(What is required):
Retype word for word the stretch of entries below from the line that has "Ludwig Bähr URSUS" through the line that has "水やお湯で戻すとトマトのジュ", and omit the pictures.

(Extracted material):

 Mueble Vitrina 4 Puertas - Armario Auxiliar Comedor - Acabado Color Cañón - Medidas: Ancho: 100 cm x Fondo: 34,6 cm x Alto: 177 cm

...

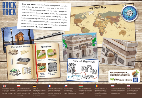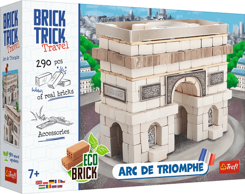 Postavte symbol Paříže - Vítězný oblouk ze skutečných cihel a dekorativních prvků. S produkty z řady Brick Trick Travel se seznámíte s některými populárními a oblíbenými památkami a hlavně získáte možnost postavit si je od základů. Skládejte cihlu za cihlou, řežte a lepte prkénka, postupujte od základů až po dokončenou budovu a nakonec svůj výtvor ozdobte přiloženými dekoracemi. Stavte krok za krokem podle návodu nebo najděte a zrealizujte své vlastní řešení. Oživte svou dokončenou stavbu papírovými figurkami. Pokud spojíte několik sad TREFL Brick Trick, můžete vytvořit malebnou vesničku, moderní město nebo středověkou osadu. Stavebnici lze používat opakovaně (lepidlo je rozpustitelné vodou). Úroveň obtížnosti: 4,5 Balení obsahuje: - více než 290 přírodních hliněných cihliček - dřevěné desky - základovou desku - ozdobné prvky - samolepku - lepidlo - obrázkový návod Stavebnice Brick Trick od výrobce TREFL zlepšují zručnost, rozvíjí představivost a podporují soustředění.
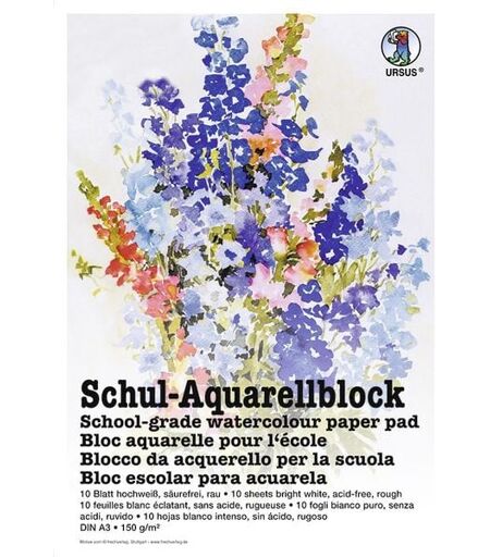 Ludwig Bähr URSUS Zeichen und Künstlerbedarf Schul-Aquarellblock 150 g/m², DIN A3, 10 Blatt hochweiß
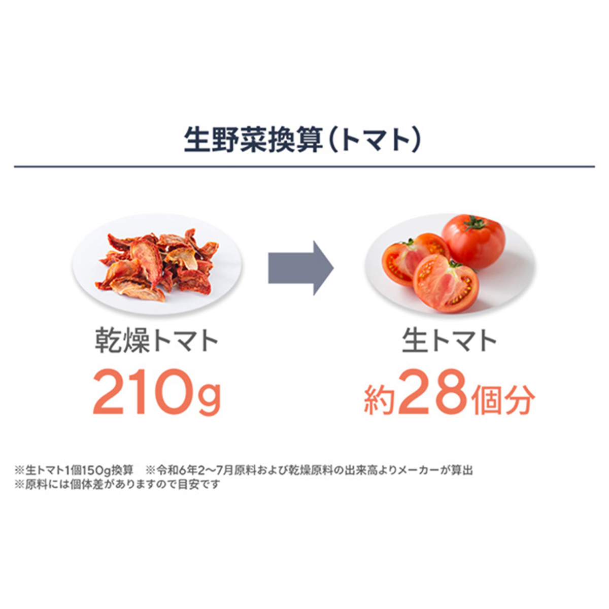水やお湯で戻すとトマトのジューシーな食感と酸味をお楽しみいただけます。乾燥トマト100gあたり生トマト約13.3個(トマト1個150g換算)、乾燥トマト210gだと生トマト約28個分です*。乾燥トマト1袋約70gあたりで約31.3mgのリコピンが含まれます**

==

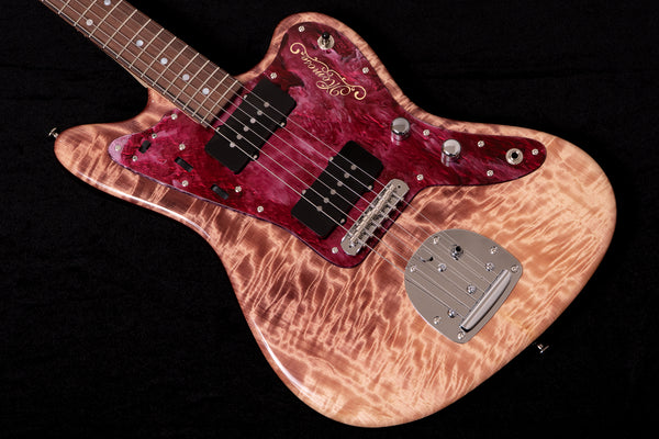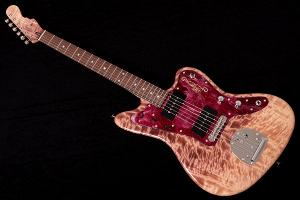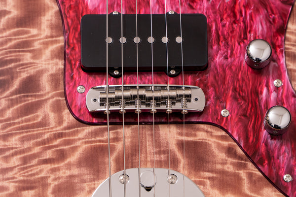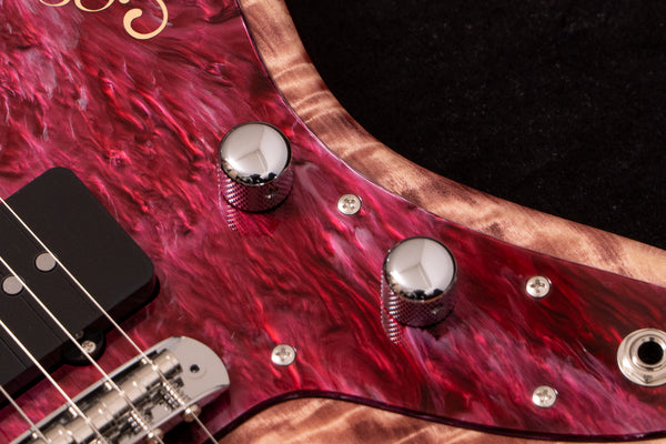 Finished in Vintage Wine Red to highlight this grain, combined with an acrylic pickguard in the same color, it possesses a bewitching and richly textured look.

(Result):
 Ludwig Bähr URSUS Zeichen und Künstlerbedarf Schul-Aquarellblock 150 g/m², DIN A3, 10 Blatt hochweiß
水やお湯で戻すとトマトのジューシーな食感と酸味をお楽しみいただけます。乾燥トマト100gあたり生トマト約13.3個(トマト1個150g換算)、乾燥トマト210gだと生トマト約28個分です*。乾燥トマト1袋約70gあたりで約31.3mgのリコピンが含まれます**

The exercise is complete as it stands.